### GIVEN DATA ###

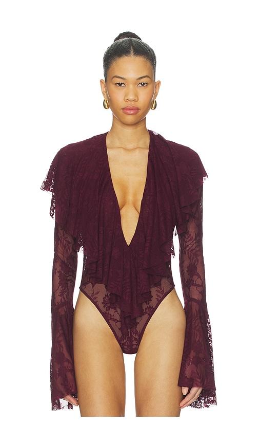 NORMA KAMALI LONG SLEEVE DEEP V RUFFLE BODYSUIT IN BURGUNDY.
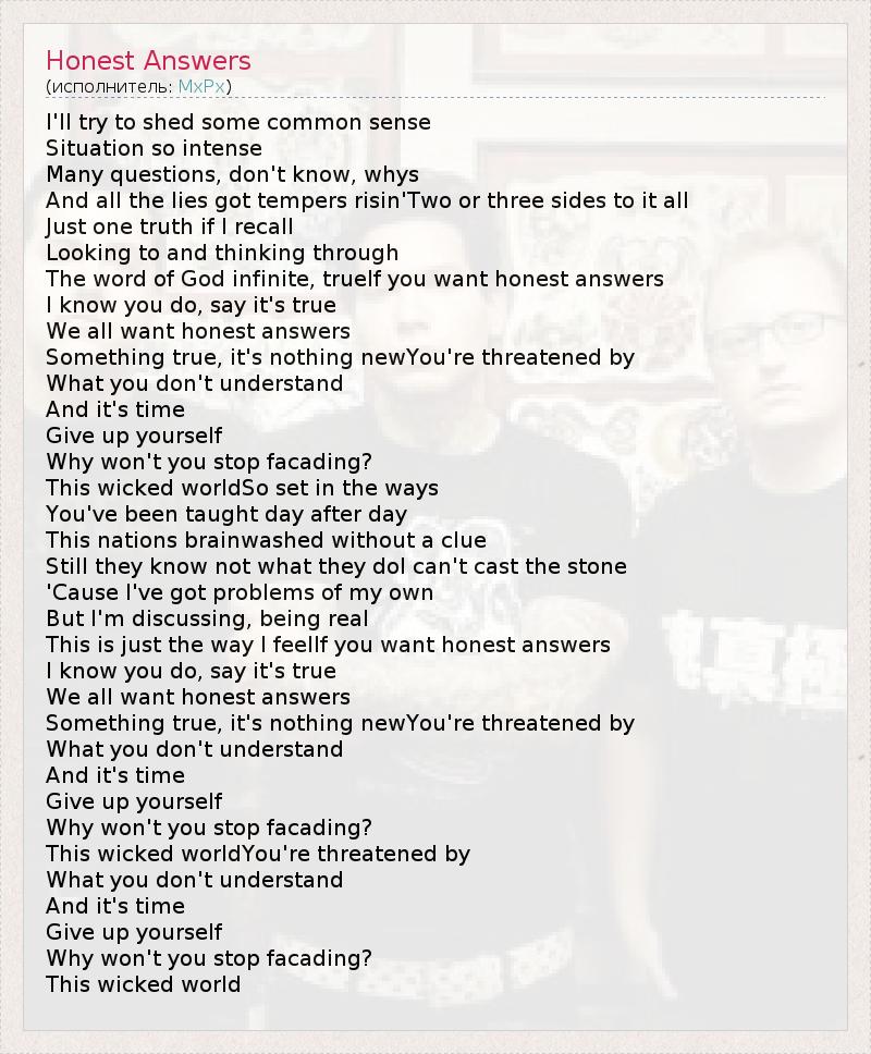 А как ты думаешь, о чем песня "Honest Answers" ?
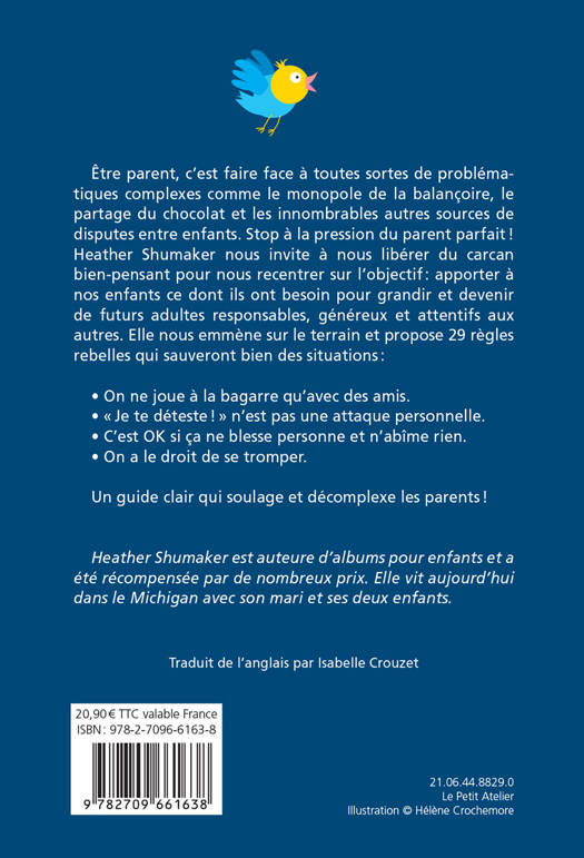 Heather Shumaker nous invite à nous libérer du carcan bien-pensant pour nous recentrer sur l’objectif : apporter à nos enfants ce dont ils ont besoin pour grandir et devenir de futurs adultes responsables, généreux et attentifs aux autres. Elle nous emmène sur le terrain et propose 29 règles rebelles qui sauveront bien des situations :
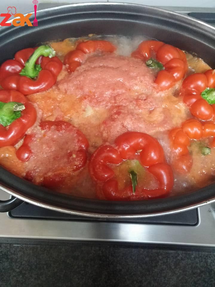 نطحن البصله مع الثوم والبندوره في محضرة الطعام حتى تنعم جيدا. ثم تضاف على الفليفله نضع ماء على ارتفاع نصف حبات الفليفله مع اضافة الصويا ودبس الرمان ومعجون الطماطم والملح والبهارات والحبق ونتركهم حتي النضج بعدها ندخلهم الي الفرن لتحمير الوجه.
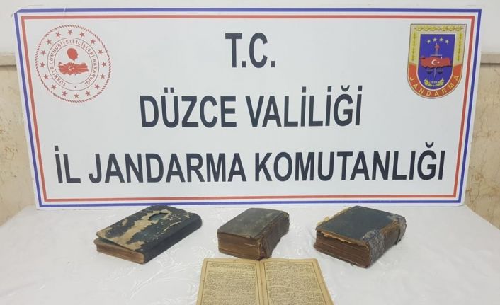 DÜZCE(İHA) – Düzce İl Jandarma Komutanlığına bağlı ekipler durdurdukları araç içinde 1800’lü yıllara ait 4 adet el yazması dini tavsiyeler kitabı ele geçirildi.
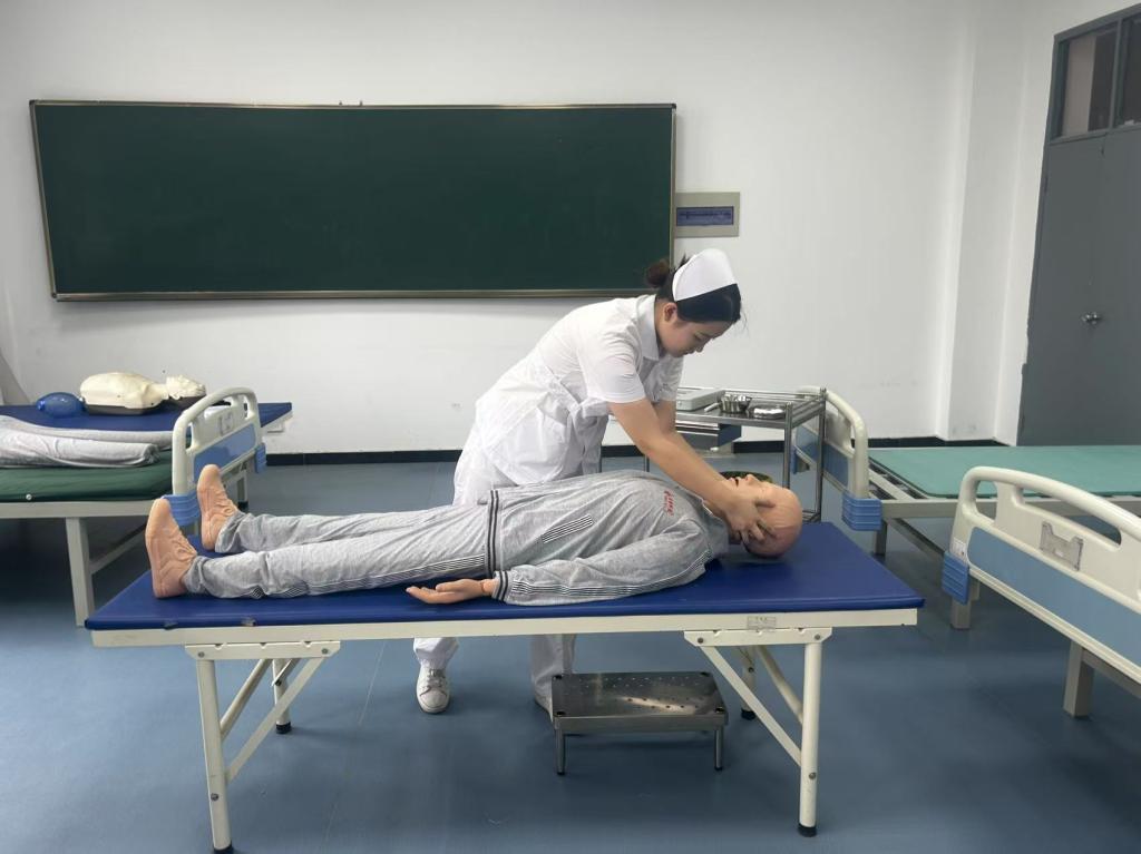课程围绕“心肺复苏(CPR)”与“意外伤害救护”两大核心主题展开。理论教学中,教师们通过动态流程图解、错误操作警示动画,将CPR的按压深度、频率等抽象标准转化为直观记忆点,现场互动问答不断。在实训环节,通过实训课堂直播与模拟教具联动,同学们分组轮番上手演练胸外按压、人工呼吸等核心技能,智能急救模型的电子屏同步显示按压力度波形图。
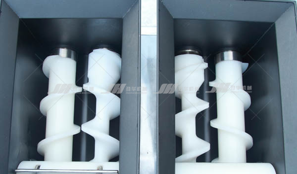 4.加厚不銹鋼料斗內(nèi)采用特氟龍涂層,似于電飯鍋內(nèi)涂層,防粘、耐磨、易清潔。皮斗/餡斗各可裝25公斤, 省時(shí)省力省人工;
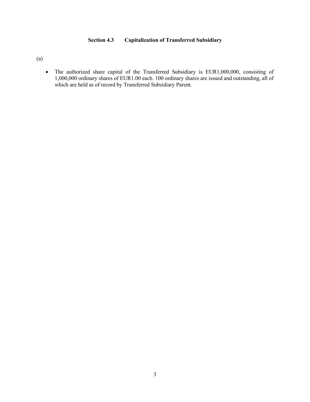 3 Section 4.3 Capitalization of Transferred Subsidiary (a) • The authorized share capital of the Transferred Subsidiary is EUR1,000,000, consisting of 1,000,000 ordinary shares of EUR1.00 each. 100 ordinary shares are issued and outstanding, all of which are held as of record by Transferred Subsidiary Parent.

###

→ **WHAT TO WORK ON**:
Your answer must be an exact copy of the lines from the line with "DÜZCE(İHA) – Düzce" to the final line of the data, both ends included, and no pictures.

→ **FINAL ANSWER**:
 DÜZCE(İHA) – Düzce İl Jandarma Komutanlığına bağlı ekipler durdurdukları araç içinde 1800’lü yıllara ait 4 adet el yazması dini tavsiyeler kitabı ele geçirildi.
课程围绕“心肺复苏(CPR)”与“意外伤害救护”两大核心主题展开。理论教学中,教师们通过动态流程图解、错误操作警示动画,将CPR的按压深度、频率等抽象标准转化为直观记忆点,现场互动问答不断。在实训环节,通过实训课堂直播与模拟教具联动,同学们分组轮番上手演练胸外按压、人工呼吸等核心技能,智能急救模型的电子屏同步显示按压力度波形图。
 4.加厚不銹鋼料斗內(nèi)采用特氟龍涂層,似于電飯鍋內(nèi)涂層,防粘、耐磨、易清潔。皮斗/餡斗各可裝25公斤, 省時(shí)省力省人工;
 3 Section 4.3 Capitalization of Transferred Subsidiary (a) • The authorized share capital of the Transferred Subsidiary is EUR1,000,000, consisting of 1,000,000 ordinary shares of EUR1.00 each. 100 ordinary shares are issued and outstanding, all of which are held as of record by Transferred Subsidiary Parent.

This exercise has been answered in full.